The tracing reports of the guns seized from Bulger, which were first filed in court last June with redactions and then refiled on Thursday with more complete information, reveal that agents were unable to determine when and where Bulger acquired most of the guns.
The weapons were shipped to federal firearms dealers, who sold them between the 1940s and 2006. In most instances, the trail went cold after a licensed dealer sold the gun to a private party.
One of the 45-caliber pistols found in Bulger’s apartment was originally sold by the Sierra Specialty Shop in Wellington, Nev., in April 2004. The shop’s owner, Ginger Sagran, told the Globe during a phone interview that she sold the pistol to a friend, who is a regular customer, and that she never sells a firearm without making sure she knows who is buying it.

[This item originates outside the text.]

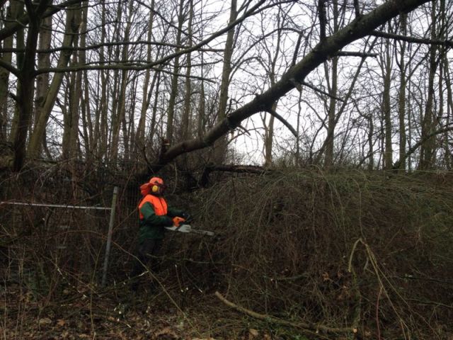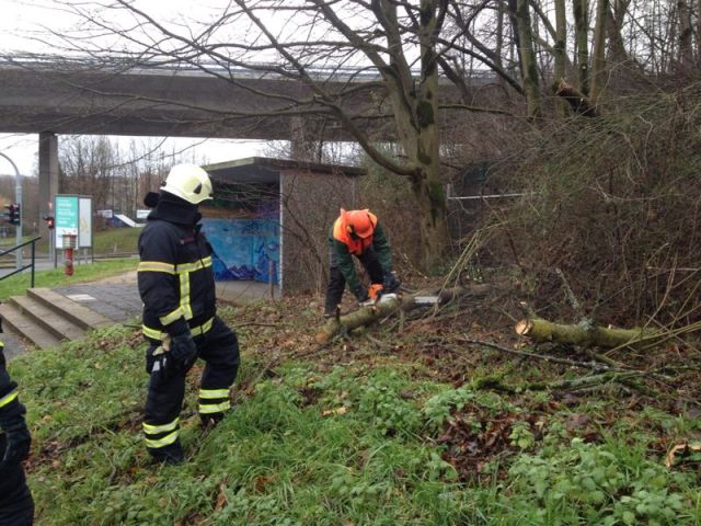 Zu einem umgestürtzten Baum wurde das Letmather HLF alarmiert. Der Baum lag auf einem Zaun und ragte über den Gehweg bis in die Fahrbahn der Schwerterstraße. Mit der Motorkettensäge wurde der Baum zersägt und zur Seite geräumt.
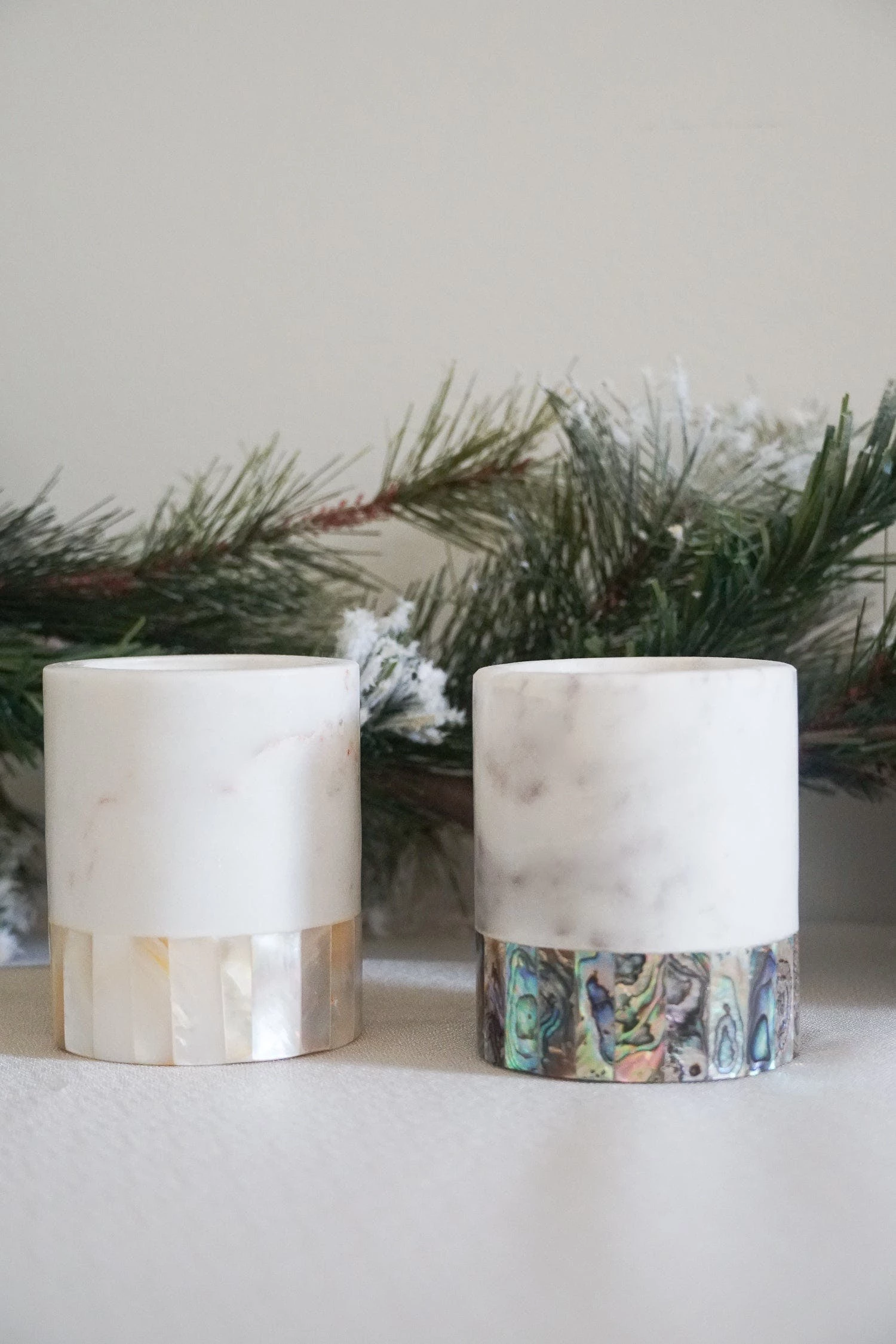– MOP-19S White marble grey mother of pearl candle holder, Small – 1pc

“We know that we did not sell it to Whitey, how he got the gun I don’t know,” Sagran said. “Unfortunately, the rules and regulations on gun control only affect honest people. They will not keep the guns out of the hands of criminals because if they want them they’ll get them, even if they have to steal.”
The man who bought the pistol from Sagran told ATF agents that he sold it two weeks later at “an unknown gun show” and “he has no idea who he sold the gun to,” according to the reports.
A 45-caliber Colt pistol, initially sold by a licensed dealer in Henderson, Nev., in 1999, was traced to a buyer, now deceased, whose wife said “he bought and sold guns all the time at gun shows in Nevada and Utah.”
Glenn Pierce, the acting director of the Institute for Security and Public Policy at Northeastern University, said guns can easily be bought in some states from private sellers without any paper trail and universal background checks would slow down the flow of guns to some people who should not have them.
“The highly motivated, highly knowledgeable individual is more likely to beat the system even if it’s a little harder,” Pierce said. “We’re really looking at whether you can stop the less motivated individuals.”